I didn’t want her touching me.
I wanted to pull away and leave, so I could just go home—go home and do nothing but think about Maya.
Boy, you are in trouble. Just as I realized just how much trouble, Kimberly slid her hand up and down my crotch.
And her sweet, curvaceous body tensed.
I caught her wrist and dragged it away, mouth already open to tell her…something. Anything. I’m tired. I’ve got a headache. Not in the mood.
Of course, that last bit was something I would have called bullshit in my other life. When was I not in the mood?
But I knew the answer to that: right after seeing the woman I’d once loved with everything I had in me.
That right there could make it damn easy for me to be not in the mood.
“It’s late,” I said.

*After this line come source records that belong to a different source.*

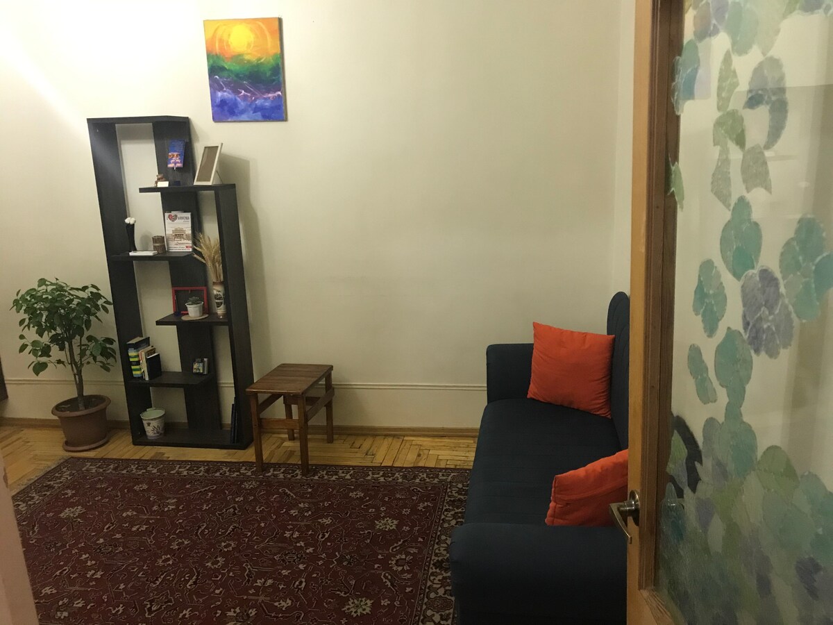 이 아파트는 매우 사랑스럽고, 5층짜리 오래된 소비에트 시대 석조 건물의 5층에 있습니다. 주방/욕실을 제외하고 대부분의 가구는 리스타일 빈티지 가구입니다. 침실과 사무 공간으로 사용할 수 있는 두 번째 작은 방이 있으며, 꽤 편안한 침대("타크타")도 있습니다. 제 딸의 아파트이지만 딸이 국외에 있을 때 임대합니다. 저희는 예레반에서 집처럼 편안하게 지내고 싶어하시는 게스트를 환영하며, 저희 숙소를 존중해 주시기 바랍니다.
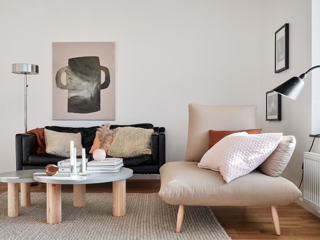 Este piso en Estocolmo parte de un concepto neutro, al que se han incorporado con acierto accesorios con los colores de la temporada. Los colores terracota, entre granates y naranjas, o los rosas palo que casi rozan el beige, son los colores de máxima tendencia.
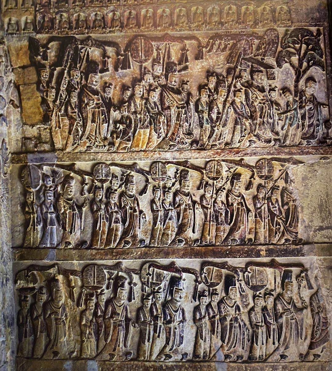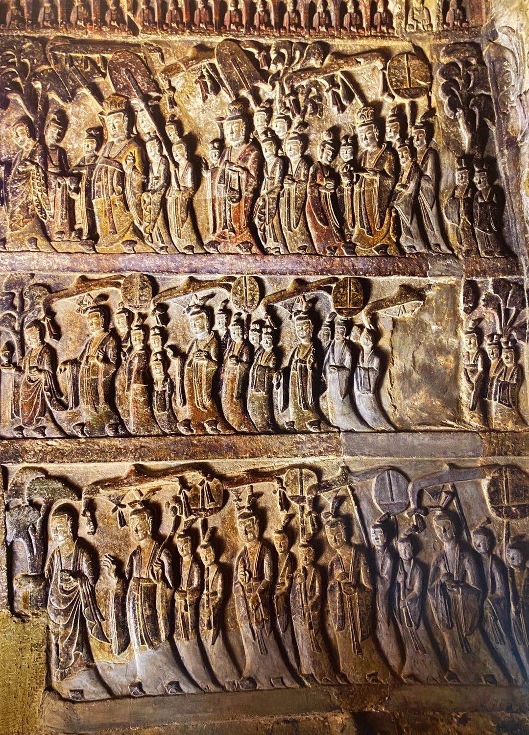 尤其是第一窟的帝后礼佛图保存的最为完美,经历千年之后,上面的彩绘颜色仍依稀可见,令人赞叹。一套完整的帝后礼佛图分为皇帝礼佛图和皇后礼佛图,两两对应,上下各三层。
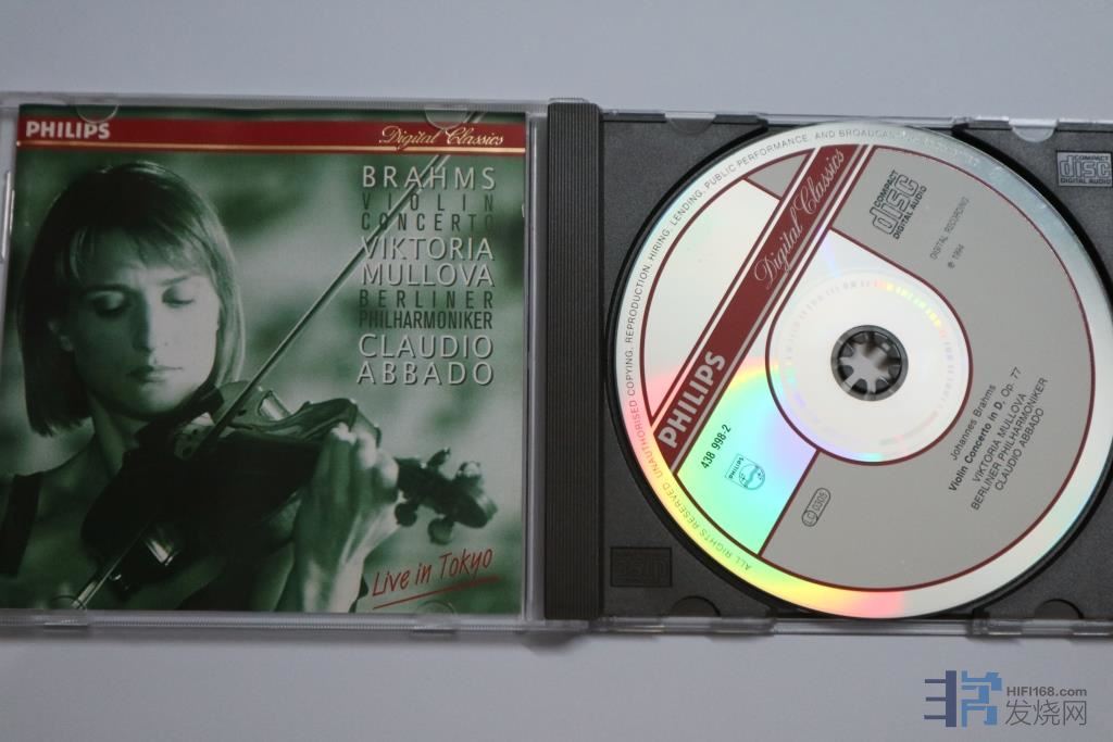 (11)勃拉姆斯小提琴协奏曲,穆洛娃独奏,阿巴多指挥柏林爱乐,德版PMDC半银圈戒子01版,印刷面近新,播放面有播放痕迹及不少细痕,低价出,90
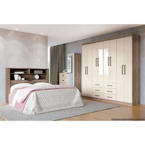 Guarda Roupa Casal 8 Portas e 6 Gavetas c/ Espelho Liverpool Atacama/Grafitte - Santos Andirá - Blush
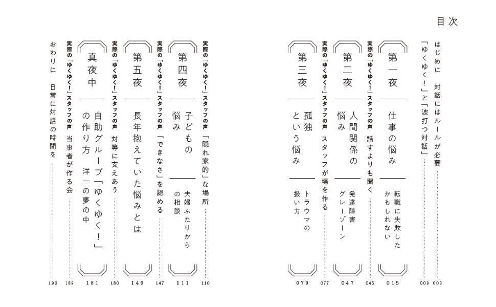 オープンダイアローグ的対話実践を行うための自助グループであり、著者の横道誠氏が立ち上げた。オンライン会議アプリを通じて、毎月対話実践を行っており、ボランティアのスタッフにより運営されている。スタッフか外部からの参加者かに限らず、全員がひとりひとり「安心安全な場を作る」仲間として対話する集まりを目指している。
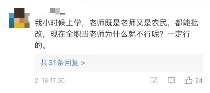 “我小时候上学,老师既是老师又是农民,都能批改,现在全职当老师为什么就不行呢?”
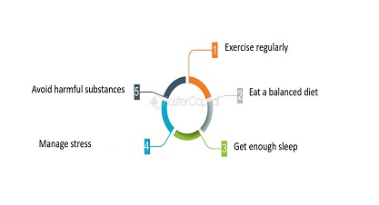 ⦁ Healthy Sleep: Good sleep is very important for overall health, for feeling better physically and mentally, and for reducing the risk of obesity and heart disease. The average amount of good sleep is between 7 and 8 hours per night.
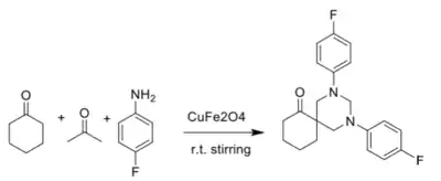 Nano CuFe2O4 was utilized as a catalyst in one-pot synthesis of fluorine containing spirohexahydropyrimidine derivatives. It was also observed that the catalyst can be reused five times without significant loss in catalytic activity after each runs. In the reaction, iron plays a vital role in coordination with carbonyl group in order to increase the electrophilic property, which can facilitate the reaction condition and increase reaction rate.[20]
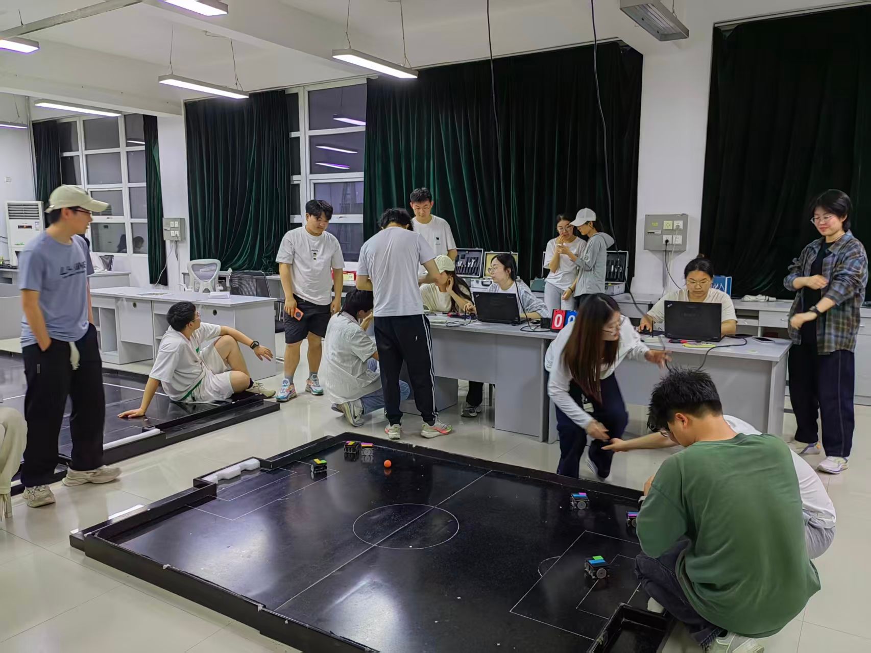 冠軍的獎(jiǎng)杯,由機(jī)器人團(tuán)隊(duì)師生無(wú)數(shù)個(gè)日夜的奮斗與汗水鑄就。為了備戰(zhàn)此次大賽,自今年年初便開(kāi)始了校賽培訓(xùn)、選拔和有計(jì)劃的集訓(xùn)。FIRA小型組的機(jī)器人需要極高的敏捷性和復(fù)雜的多機(jī)協(xié)作算法,代碼組隊(duì)員們?yōu)榱艘粋€(gè)戰(zhàn)術(shù)動(dòng)作,為了幾毫秒的速度提升,不斷進(jìn)行算法優(yōu)化和調(diào)試。在高強(qiáng)度的比賽和訓(xùn)練中,機(jī)器人面臨著持續(xù)的磨損與意外損傷,維護(hù)小組同學(xué)具備“外科醫(yī)生”般的精準(zhǔn)與耐心,守護(hù)著機(jī)器人的“身體健康”,每日賽前進(jìn)行全面的硬件檢測(cè),賽后則立即進(jìn)行保養(yǎng)檢修。從電機(jī)扭矩的細(xì)微校正、電池電量測(cè)定、小車(chē)胎皮檢測(cè)、傳感器靈敏度的反復(fù)標(biāo)定,從線(xiàn)路連接的緊固到齒輪傳動(dòng)的潤(rùn)滑,確保了每一臺(tái)機(jī)器人都能以最佳狀態(tài)投入每一場(chǎng)比賽。正是有了平時(shí)的訓(xùn)練有素,才有了賽場(chǎng)上的從容淡定。
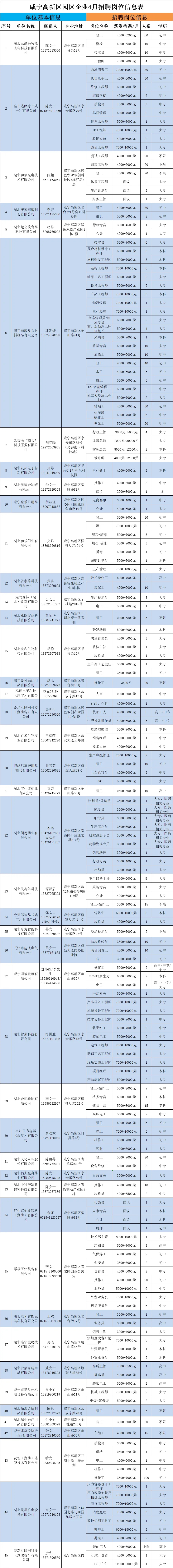 > 咸宁高新区园区企业4月招聘信息(附岗位表)
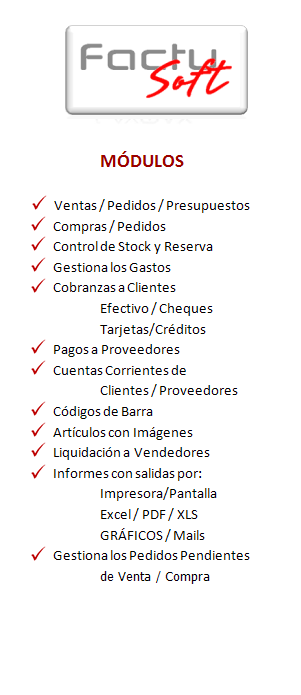 El Sistema FactuSoft, está en el mercado desde el año 2010, basado en la plataforma del Sistema de Gestión SayMax®, siendo el producto final luego de 1 año de diseño y programación de nuestro experimentado equipo de trabajo, con el objetivo de poder satisfacer a nuestros Clientes con menos recursos económicos, y que deseen obtener un Sistema Empresarial. Es aplicable a dos distintos tipos de Implementación según la necesidad de su Compañía: a). Para un Negocio. (Ideal para Locales de Venta a la calle con un solo puesto de trabajo). b). Para Empresas que poseen varias Terminales.
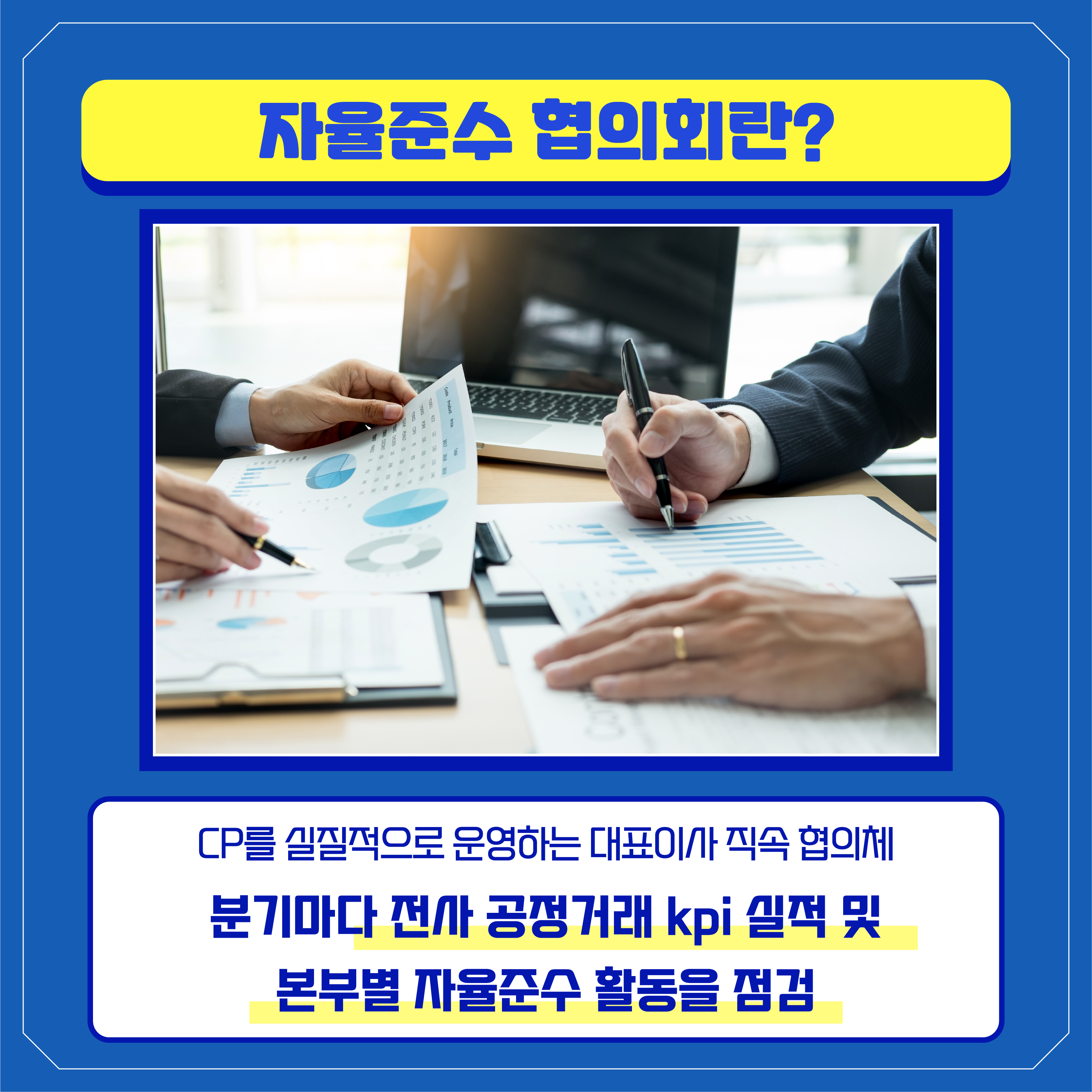 분기마다 전사 공정거래 KPI 실적을 점검하거나 본부별 공정거래 교육 실적을 공유합니다. 또 CP 감사, 후속조치 점검 등을 수행하는 등 CP 운영을 전반적으로 주도했어요.

The excuse sounded lame, even to me. “I’m worn out from all the shooting and the PR shit Pete’s thrown at me this past week.”
Kimberly twisted her wrist free and backed away. “Yes. I’m sure that’s exactly what the problem is. Of course, I’ve seen you work eighteen hours straight, then we’ve come here and fucked like rabbits. But now, you’re tired.” Her mocking falsetto grated on my nerves.
“Yeah.” I gave her a tight smile, refusing to rise to the bait. “Glad you understand.”
“Oh…of course. I totally understand.” She smoothed her hands down her dress, settling it back into place. “I’m certain it has nothing to do with that
stupid, insipid bitch we saw at the party!”
She was screaming by the time she finished.
Setting my jaw, I focused on the buttons of my shirt, redoing them as quickly as I could. I needed to get the hell out of here. Unlike me, Kimberly lived inside the city, and her elegant little bungalow had neighbors on both sides. She might not care if we attracted attention, but I was done with all of that.
“What, you don’t have anything to say?” She lifted her chin, her cheeks flushed, eyes so hot and angry, I wouldn’t have been surprised to find singe marks on me.
“There’s nothing to say, Kimberly. I’m tired. It’s been a long week.”
“Yes, I know. You’ve done nothing but mope and pout over that stupid fight with Cane. Then you see Maya…” She stopped and sucked in a breath. “Wait a minute. You never did tell me why you fought with him. Was it…you son of a bitch!”
She launched herself at me and I just barely caught her hand before she slapped me. “You bastard. You knew she was back, didn’t you?” She went to drive her knee into my balls and I jerked to the side, twisting to catch the blow on my thigh. “Didn’t you?!”
“Kimberly, damn it, calm down!”
Those words only made her madder. “Don’t you tell me to calm down, you bastard!”
I let her go and ducked away, twisting to put room between us. “Fine, stay pissed off. But do it alone. I’m not hanging around here for you to rant like this.”
“You…!” She shuddered, shaking with her rage. “You are a bastard. You paraded your ex-lover in front of me, and you act like I’ve got no reason to be angry.”
“Oh, for fuck’s sake.” Storming over to her, I shoved my face into hers. “For future reference, I didn’t parade any lover in front of you. I didn’t know Maya was going to be there. Yes, I knew she was back. Did I tell you? No. But didn’t you and I establish that what we had was just a mutually beneficial relationship? It’s a PR deal, and we have the added benefit of having a bed partner. And it was your idea to add in that last part, not mine. Emotions were never on the table.”